» **INFORMATION PROVIDED**:
Start of Block

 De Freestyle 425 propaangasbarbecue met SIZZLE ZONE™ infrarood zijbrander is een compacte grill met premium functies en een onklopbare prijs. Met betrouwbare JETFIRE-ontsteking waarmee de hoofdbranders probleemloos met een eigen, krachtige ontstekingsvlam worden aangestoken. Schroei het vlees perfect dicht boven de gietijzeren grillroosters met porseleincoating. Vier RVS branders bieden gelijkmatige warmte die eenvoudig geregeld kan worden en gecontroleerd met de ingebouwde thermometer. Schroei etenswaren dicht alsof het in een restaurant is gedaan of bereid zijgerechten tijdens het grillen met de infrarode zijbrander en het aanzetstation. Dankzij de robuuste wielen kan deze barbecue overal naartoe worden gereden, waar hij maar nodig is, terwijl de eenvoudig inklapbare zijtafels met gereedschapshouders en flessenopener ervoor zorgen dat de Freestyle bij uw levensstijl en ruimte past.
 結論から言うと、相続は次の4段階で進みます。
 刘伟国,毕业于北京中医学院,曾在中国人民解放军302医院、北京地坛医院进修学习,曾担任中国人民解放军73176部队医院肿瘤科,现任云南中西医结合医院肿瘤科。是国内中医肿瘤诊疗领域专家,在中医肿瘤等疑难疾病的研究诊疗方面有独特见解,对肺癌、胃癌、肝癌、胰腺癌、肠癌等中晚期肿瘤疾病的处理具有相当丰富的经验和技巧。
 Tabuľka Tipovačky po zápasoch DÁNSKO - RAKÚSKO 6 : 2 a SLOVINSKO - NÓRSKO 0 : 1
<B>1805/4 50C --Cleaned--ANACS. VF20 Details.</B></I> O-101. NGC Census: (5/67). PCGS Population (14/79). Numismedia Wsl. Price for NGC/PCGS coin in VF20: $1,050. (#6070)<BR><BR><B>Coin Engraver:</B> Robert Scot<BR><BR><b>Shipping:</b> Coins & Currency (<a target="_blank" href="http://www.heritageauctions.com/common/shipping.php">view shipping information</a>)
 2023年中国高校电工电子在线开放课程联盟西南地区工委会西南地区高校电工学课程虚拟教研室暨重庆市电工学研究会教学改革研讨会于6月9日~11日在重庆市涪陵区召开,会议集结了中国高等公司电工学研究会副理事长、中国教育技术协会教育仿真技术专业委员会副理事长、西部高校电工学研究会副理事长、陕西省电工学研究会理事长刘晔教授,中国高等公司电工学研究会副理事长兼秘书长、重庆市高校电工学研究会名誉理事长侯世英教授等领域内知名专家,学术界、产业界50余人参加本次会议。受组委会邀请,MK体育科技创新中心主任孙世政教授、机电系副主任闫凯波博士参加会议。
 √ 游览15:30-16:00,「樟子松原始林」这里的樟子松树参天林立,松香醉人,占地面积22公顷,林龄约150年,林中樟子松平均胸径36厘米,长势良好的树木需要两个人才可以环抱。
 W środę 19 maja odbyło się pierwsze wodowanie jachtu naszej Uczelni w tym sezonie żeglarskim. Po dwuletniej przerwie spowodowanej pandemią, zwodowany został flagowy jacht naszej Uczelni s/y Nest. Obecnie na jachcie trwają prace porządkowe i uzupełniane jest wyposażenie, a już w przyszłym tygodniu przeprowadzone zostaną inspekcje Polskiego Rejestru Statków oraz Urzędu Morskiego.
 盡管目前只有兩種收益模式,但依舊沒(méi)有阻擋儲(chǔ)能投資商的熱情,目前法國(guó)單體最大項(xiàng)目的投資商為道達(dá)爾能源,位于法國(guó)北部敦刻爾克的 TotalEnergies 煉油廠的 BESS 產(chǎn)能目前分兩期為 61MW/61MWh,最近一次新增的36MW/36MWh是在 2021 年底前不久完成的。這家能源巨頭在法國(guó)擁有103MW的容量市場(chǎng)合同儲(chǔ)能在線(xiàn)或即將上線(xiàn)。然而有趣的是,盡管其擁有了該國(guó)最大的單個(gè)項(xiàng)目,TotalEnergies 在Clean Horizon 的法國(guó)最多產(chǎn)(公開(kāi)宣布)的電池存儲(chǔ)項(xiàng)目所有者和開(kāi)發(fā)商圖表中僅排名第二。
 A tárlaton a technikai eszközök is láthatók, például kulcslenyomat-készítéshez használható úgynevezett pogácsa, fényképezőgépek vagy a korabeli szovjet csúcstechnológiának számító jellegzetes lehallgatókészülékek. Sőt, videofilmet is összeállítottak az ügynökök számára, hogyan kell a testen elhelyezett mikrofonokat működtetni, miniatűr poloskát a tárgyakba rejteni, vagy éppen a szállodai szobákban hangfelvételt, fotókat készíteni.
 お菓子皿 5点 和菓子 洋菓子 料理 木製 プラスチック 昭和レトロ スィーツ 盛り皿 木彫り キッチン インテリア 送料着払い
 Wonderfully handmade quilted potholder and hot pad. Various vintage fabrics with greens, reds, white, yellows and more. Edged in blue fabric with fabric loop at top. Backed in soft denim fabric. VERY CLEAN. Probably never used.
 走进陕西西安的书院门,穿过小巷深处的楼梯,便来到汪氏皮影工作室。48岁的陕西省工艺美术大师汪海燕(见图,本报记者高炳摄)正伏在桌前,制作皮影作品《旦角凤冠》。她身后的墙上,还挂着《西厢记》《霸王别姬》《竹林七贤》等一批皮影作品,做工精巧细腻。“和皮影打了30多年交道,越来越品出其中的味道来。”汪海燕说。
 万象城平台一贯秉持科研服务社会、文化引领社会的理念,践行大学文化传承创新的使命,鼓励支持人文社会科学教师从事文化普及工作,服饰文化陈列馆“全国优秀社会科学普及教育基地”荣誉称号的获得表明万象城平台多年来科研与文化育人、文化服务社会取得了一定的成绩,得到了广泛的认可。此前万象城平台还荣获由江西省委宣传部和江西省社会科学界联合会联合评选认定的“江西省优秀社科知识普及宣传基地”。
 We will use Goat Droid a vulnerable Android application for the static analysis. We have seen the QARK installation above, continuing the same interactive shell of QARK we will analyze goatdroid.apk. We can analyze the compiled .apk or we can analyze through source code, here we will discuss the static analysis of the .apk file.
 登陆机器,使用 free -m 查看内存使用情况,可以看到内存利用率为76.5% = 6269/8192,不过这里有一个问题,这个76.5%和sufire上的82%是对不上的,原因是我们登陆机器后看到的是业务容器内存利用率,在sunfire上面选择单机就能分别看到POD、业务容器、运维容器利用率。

End of Block

Copy out all of the lines above exactly.

 De Freestyle 425 propaangasbarbecue met SIZZLE ZONE™ infrarood zijbrander is een compacte grill met premium functies en een onklopbare prijs. Met betrouwbare JETFIRE-ontsteking waarmee de hoofdbranders probleemloos met een eigen, krachtige ontstekingsvlam worden aangestoken. Schroei het vlees perfect dicht boven de gietijzeren grillroosters met porseleincoating. Vier RVS branders bieden gelijkmatige warmte die eenvoudig geregeld kan worden en gecontroleerd met de ingebouwde thermometer. Schroei etenswaren dicht alsof het in een restaurant is gedaan of bereid zijgerechten tijdens het grillen met de infrarode zijbrander en het aanzetstation. Dankzij de robuuste wielen kan deze barbecue overal naartoe worden gereden, waar hij maar nodig is, terwijl de eenvoudig inklapbare zijtafels met gereedschapshouders en flessenopener ervoor zorgen dat de Freestyle bij uw levensstijl en ruimte past.
 結論から言うと、相続は次の4段階で進みます。
 刘伟国,毕业于北京中医学院,曾在中国人民解放军302医院、北京地坛医院进修学习,曾担任中国人民解放军73176部队医院肿瘤科,现任云南中西医结合医院肿瘤科。是国内中医肿瘤诊疗领域专家,在中医肿瘤等疑难疾病的研究诊疗方面有独特见解,对肺癌、胃癌、肝癌、胰腺癌、肠癌等中晚期肿瘤疾病的处理具有相当丰富的经验和技巧。
 Tabuľka Tipovačky po zápasoch DÁNSKO - RAKÚSKO 6 : 2 a SLOVINSKO - NÓRSKO 0 : 1
<B>1805/4 50C --Cleaned--ANACS. VF20 Details.</B></I> O-101. NGC Census: (5/67). PCGS Population (14/79). Numismedia Wsl. Price for NGC/PCGS coin in VF20: $1,050. (#6070)<BR><BR><B>Coin Engraver:</B> Robert Scot<BR><BR><b>Shipping:</b> Coins & Currency (<a target="_blank" href="http://www.heritageauctions.com/common/shipping.php">view shipping information</a>)
 2023年中国高校电工电子在线开放课程联盟西南地区工委会西南地区高校电工学课程虚拟教研室暨重庆市电工学研究会教学改革研讨会于6月9日~11日在重庆市涪陵区召开,会议集结了中国高等公司电工学研究会副理事长、中国教育技术协会教育仿真技术专业委员会副理事长、西部高校电工学研究会副理事长、陕西省电工学研究会理事长刘晔教授,中国高等公司电工学研究会副理事长兼秘书长、重庆市高校电工学研究会名誉理事长侯世英教授等领域内知名专家,学术界、产业界50余人参加本次会议。受组委会邀请,MK体育科技创新中心主任孙世政教授、机电系副主任闫凯波博士参加会议。
 √ 游览15:30-16:00,「樟子松原始林」这里的樟子松树参天林立,松香醉人,占地面积22公顷,林龄约150年,林中樟子松平均胸径36厘米,长势良好的树木需要两个人才可以环抱。
 W środę 19 maja odbyło się pierwsze wodowanie jachtu naszej Uczelni w tym sezonie żeglarskim. Po dwuletniej przerwie spowodowanej pandemią, zwodowany został flagowy jacht naszej Uczelni s/y Nest. Obecnie na jachcie trwają prace porządkowe i uzupełniane jest wyposażenie, a już w przyszłym tygodniu przeprowadzone zostaną inspekcje Polskiego Rejestru Statków oraz Urzędu Morskiego.
 盡管目前只有兩種收益模式,但依舊沒(méi)有阻擋儲(chǔ)能投資商的熱情,目前法國(guó)單體最大項(xiàng)目的投資商為道達(dá)爾能源,位于法國(guó)北部敦刻爾克的 TotalEnergies 煉油廠的 BESS 產(chǎn)能目前分兩期為 61MW/61MWh,最近一次新增的36MW/36MWh是在 2021 年底前不久完成的。這家能源巨頭在法國(guó)擁有103MW的容量市場(chǎng)合同儲(chǔ)能在線(xiàn)或即將上線(xiàn)。然而有趣的是,盡管其擁有了該國(guó)最大的單個(gè)項(xiàng)目,TotalEnergies 在Clean Horizon 的法國(guó)最多產(chǎn)(公開(kāi)宣布)的電池存儲(chǔ)項(xiàng)目所有者和開(kāi)發(fā)商圖表中僅排名第二。
 A tárlaton a technikai eszközök is láthatók, például kulcslenyomat-készítéshez használható úgynevezett pogácsa, fényképezőgépek vagy a korabeli szovjet csúcstechnológiának számító jellegzetes lehallgatókészülékek. Sőt, videofilmet is összeállítottak az ügynökök számára, hogyan kell a testen elhelyezett mikrofonokat működtetni, miniatűr poloskát a tárgyakba rejteni, vagy éppen a szállodai szobákban hangfelvételt, fotókat készíteni.
 お菓子皿 5点 和菓子 洋菓子 料理 木製 プラスチック 昭和レトロ スィーツ 盛り皿 木彫り キッチン インテリア 送料着払い
 Wonderfully handmade quilted potholder and hot pad. Various vintage fabrics with greens, reds, white, yellows and more. Edged in blue fabric with fabric loop at top. Backed in soft denim fabric. VERY CLEAN. Probably never used.
 走进陕西西安的书院门,穿过小巷深处的楼梯,便来到汪氏皮影工作室。48岁的陕西省工艺美术大师汪海燕(见图,本报记者高炳摄)正伏在桌前,制作皮影作品《旦角凤冠》。她身后的墙上,还挂着《西厢记》《霸王别姬》《竹林七贤》等一批皮影作品,做工精巧细腻。“和皮影打了30多年交道,越来越品出其中的味道来。”汪海燕说。
 万象城平台一贯秉持科研服务社会、文化引领社会的理念,践行大学文化传承创新的使命,鼓励支持人文社会科学教师从事文化普及工作,服饰文化陈列馆“全国优秀社会科学普及教育基地”荣誉称号的获得表明万象城平台多年来科研与文化育人、文化服务社会取得了一定的成绩,得到了广泛的认可。此前万象城平台还荣获由江西省委宣传部和江西省社会科学界联合会联合评选认定的“江西省优秀社科知识普及宣传基地”。
 We will use Goat Droid a vulnerable Android application for the static analysis. We have seen the QARK installation above, continuing the same interactive shell of QARK we will analyze goatdroid.apk. We can analyze the compiled .apk or we can analyze through source code, here we will discuss the static analysis of the .apk file.
 登陆机器,使用 free -m 查看内存使用情况,可以看到内存利用率为76.5% = 6269/8192,不过这里有一个问题,这个76.5%和sufire上的82%是对不上的,原因是我们登陆机器后看到的是业务容器内存利用率,在sunfire上面选择单机就能分别看到POD、业务容器、运维容器利用率。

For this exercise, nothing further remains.